** Opening DATASET SECTION block **

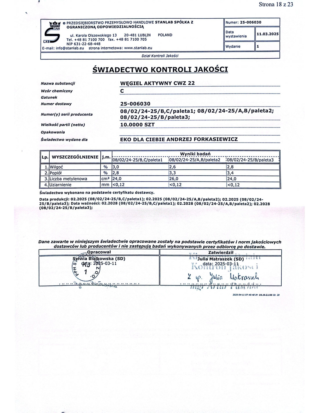 Producent: „STANLAB” sp. z o.o. ul. Olszewskiego 13 20-481 LUBLIN
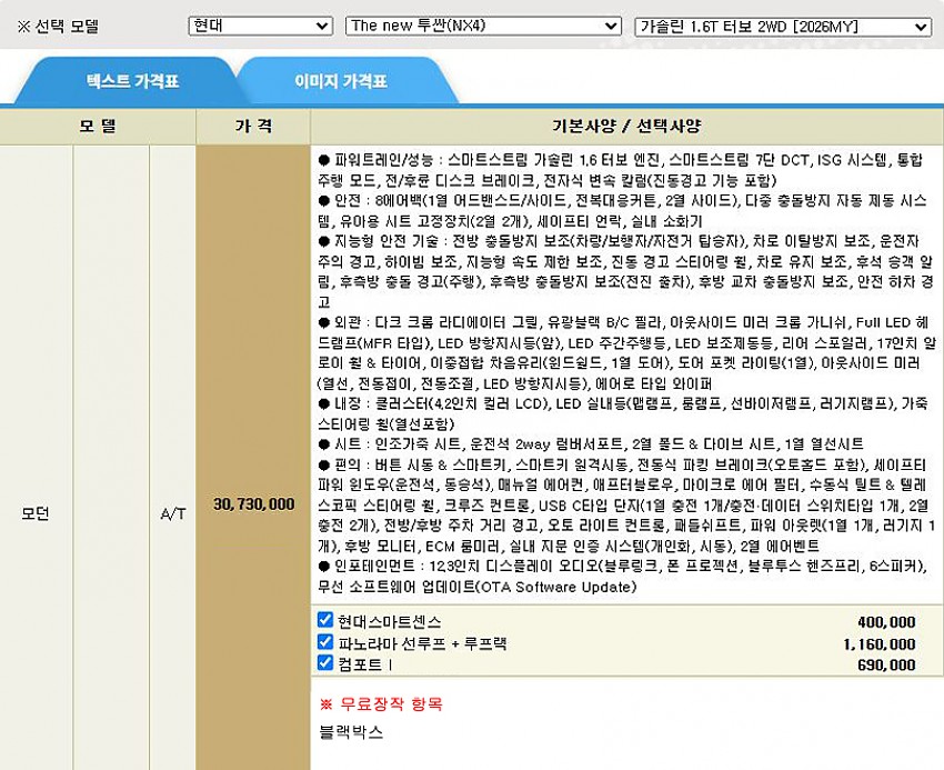 ▶ 차종 및 등급 : 현대 투싼 가솔린 1.6 터보_2WD_DCT 모던_26MY
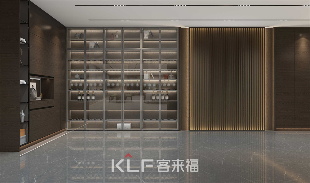 酒柜采用全玻璃门设计,加上柜体内的灯光,让整个酒柜内的装饰一目了然,增强了空间的装饰感。

** Closing DATASET SECTION block **

* [YOUR OBJECTIVE] Copy the data exactly. Pictures do not belong in the copy.

* [WRITTEN ANSWER]
 Producent: „STANLAB” sp. z o.o. ul. Olszewskiego 13 20-481 LUBLIN
 ▶ 차종 및 등급 : 현대 투싼 가솔린 1.6 터보_2WD_DCT 모던_26MY
 酒柜采用全玻璃门设计,加上柜体内的灯光,让整个酒柜内的装饰一目了然,增强了空间的装饰感。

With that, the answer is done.